In this post, I’ll walk you through the architecture and design details of AlloyDB for PostgreSQL, focussing particularly on its storage engine, which is the secret sauce behind these performance numbers, and is also the catalyst for a number of administrative and management benefits of the service.
Let’s begin, shall we?
AlloyDB service description and benefits
Before we go down the intriguing rabbit hole of design choices, trade-offs, and cost implications of AlloyDB’s architecture, let’s briefly put on our Product Management hat 🧢, to define what AlloyDB is, and to articulate how enterprises can expect to benefit from it. This will help set the context for the rest of the discussion.
First off, AlloyDB is a PostgreSQL-compatible database. In theory at least, what this means is that a customer can simply migrate data from their existing PostgreSQL database to AlloyDB, update the database connection strings in their applications to point to the AlloyDB instance, and it would all work just fine! This is good as it eases the adoption process in the customers’ minds.
A quick aside:
Notice how varied databases now are all PostgreSQL-compatible. This is an exciting trend in my opinion! For the longest time, the application world was crippled due to a lack of protocol and grammar standardization. PostgreSQL, MySQL, and other databases may seem similar on the surface but are worlds apart when it comes to the client-server protocols they use, or the SQL grammars they support. It’s heartening to see CockroachDB, Redshift, Aurora, and now AlloyDB, all converging on PostgreSQL. This will vastly simplify driver development, application coding, and security and observability tooling!
Figure 1 shows the high level functional components of AlloyDB.
How would we describe this service?
- Firstly, AlloyDB is a regional service (think
us-west-1, etc. in AWS lingo), which is to say it is not multi-region.

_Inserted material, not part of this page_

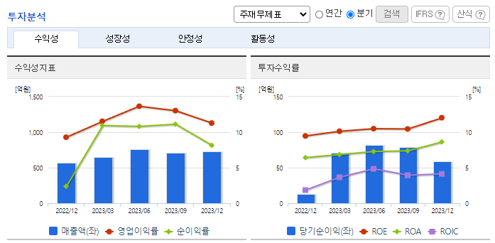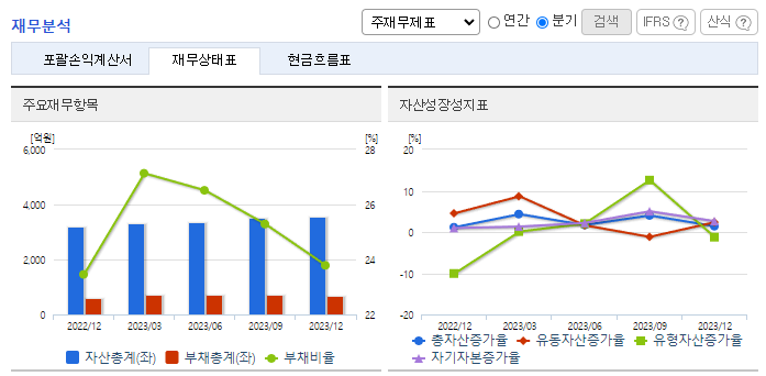 -2023년 12월 전년동기 대비 연결기준 매출액은 20.2% 증가, 영업이익은 33.3% 증가, 당기순이익은 41.1% 증가. 내수 및 해외 고객사 모두 매출액이 증가하였으며, 특히 스틱형 화장품 시장이 확장됨에 따라 당사의 스틱 용기 수주가 크게 증가하며 외형 성장함. 글로벌 ODM업체 KDC/ONE과 세일즈파트너십 계약 체결로 미주, 유럽권 지역의 로컬브랜드사에 동사 용기 공급을 확대 중임.
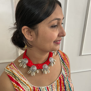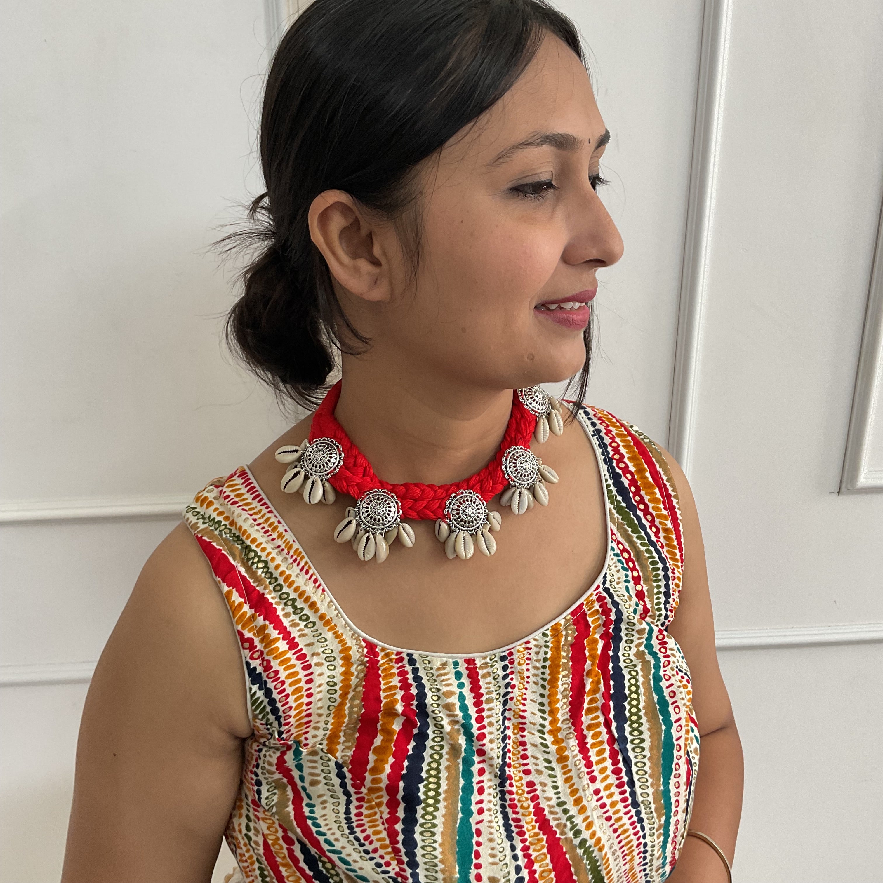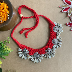 Amoli handmade cotton fabric necklace features Red thread and Oxidised piece with shells hanging, creating a sleek and modern look. Perfect for adding a touch of understated glamour to any outfit.

- Secondly, within a region, AlloyDB runs across multiple availability zones (AZs), or data centers, for redundancy and availability reasons. Thus, it is multi-zoned.
- Lastly, the service comprises multiple compute instances to which applications can connect. There’s the singleton primary instance for servicing read and write operations. And then, there are multiple replica instances for servicing only read operations. Replica instances do not service write operations. Notably, the multi-AZ setup allows a replica to be promoted to the primary status if the existing primary instance were to die for some reason.
Also, since AlloyDB is a fully-managed service, server administration, patching, data protection, and replication are offloaded to the cloud provider.
These operational and management benefits, combined with AlloyDB’s performance and scalability properties, would make AlloyDB a compelling product for enterprises that might be looking to make the move to the cloud.
With the PM-speak now out of the way, let’s dive into the architectural details.
Monolithic database design limitations
Here’s a question to ponder:
Does anything about Figure 1 above strike you as odd?
If you’ve studied the architectures of the standard PostgreSQL or MySQL databases, you’d know that their designs are monolithic in nature. What this means is that the database runs on a single node or machine, on which both compute (CPU) and storage (disks) are collocated.
Such databases have a fundamental but well-documented design issue. Due to the strong coupling between compute and storage, as data volumes increase, one cannot arbitrarily keep on adding more disks to the machine. Similarly, as the number or diversity of the workloads increase, more compute (CPUs) cannot be simply added except through a re-provisioning of the machine.
Often, the only solution is to scale-up i.e., switch up to more and more powerful machines. This is both expensive and naturally limited by the constraints imposed by Moore’s Law. For these reasons, it’s not common to see these monolithic designs being run at cloud-scales of either the data volumes or workloads.
Herein lies the crux of AlloyDB’s innovation and architectural differentiation, and the AlloyDB team calls it Disaggregation of Compute and Storage!
Another quick aside:
The word “disaggregation” seems fancy but it’s really what the rest of the data warehouse community calls “decoupling”, and the concept has been around for more than a decade now. Snowflake was one of the first products, whose architecture was built on compute decoupled from storage, which it achieved by storing data in S3 buckets, and running the database engine on EC2 instances.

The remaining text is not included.